[Collected data]
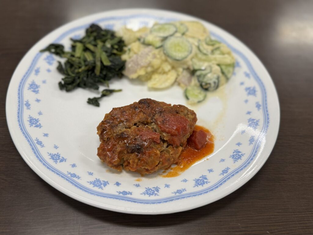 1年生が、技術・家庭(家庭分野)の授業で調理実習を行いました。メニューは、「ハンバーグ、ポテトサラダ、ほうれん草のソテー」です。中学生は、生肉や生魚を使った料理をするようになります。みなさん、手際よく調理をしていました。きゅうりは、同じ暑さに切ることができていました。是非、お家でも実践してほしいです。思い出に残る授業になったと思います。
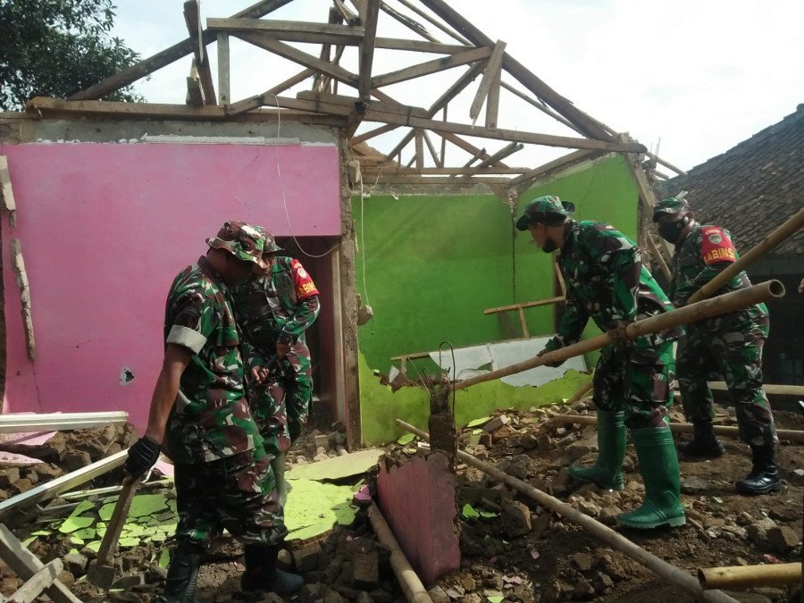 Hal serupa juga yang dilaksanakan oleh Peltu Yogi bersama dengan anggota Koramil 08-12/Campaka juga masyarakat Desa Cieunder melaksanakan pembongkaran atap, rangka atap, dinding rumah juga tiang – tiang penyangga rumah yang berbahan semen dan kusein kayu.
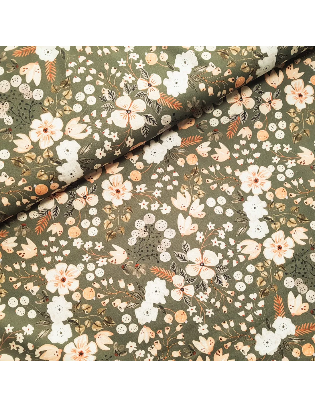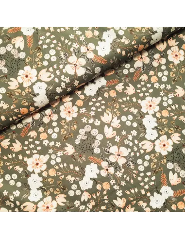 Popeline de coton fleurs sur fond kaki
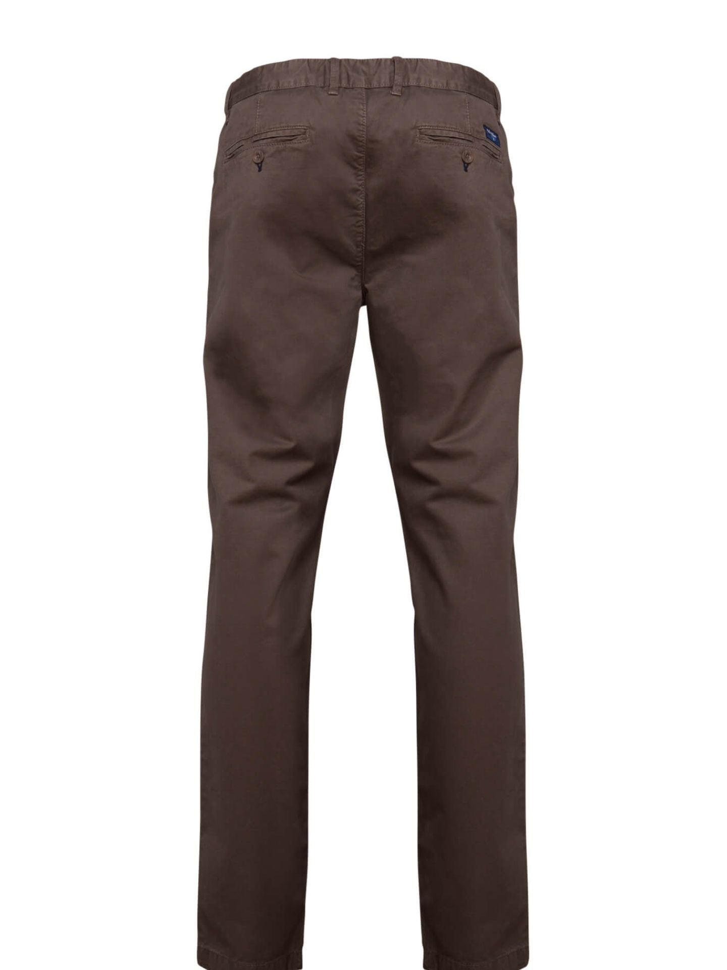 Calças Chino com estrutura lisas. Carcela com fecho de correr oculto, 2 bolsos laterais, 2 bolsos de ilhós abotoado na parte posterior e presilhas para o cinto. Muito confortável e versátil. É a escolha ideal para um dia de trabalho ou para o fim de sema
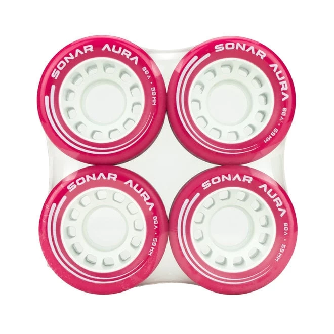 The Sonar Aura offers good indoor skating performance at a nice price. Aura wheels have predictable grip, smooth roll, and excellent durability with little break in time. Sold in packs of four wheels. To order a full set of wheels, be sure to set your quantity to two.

(Work to be completed): For the data above, set down exactly the lines from the line with "Hal serupa juga" to the line with "Calças Chino com", both included, leaving pictures out.

(Exercise answer):
 Hal serupa juga yang dilaksanakan oleh Peltu Yogi bersama dengan anggota Koramil 08-12/Campaka juga masyarakat Desa Cieunder melaksanakan pembongkaran atap, rangka atap, dinding rumah juga tiang – tiang penyangga rumah yang berbahan semen dan kusein kayu.
 Popeline de coton fleurs sur fond kaki
 Calças Chino com estrutura lisas. Carcela com fecho de correr oculto, 2 bolsos laterais, 2 bolsos de ilhós abotoado na parte posterior e presilhas para o cinto. Muito confortável e versátil. É a escolha ideal para um dia de trabalho ou para o fim de sema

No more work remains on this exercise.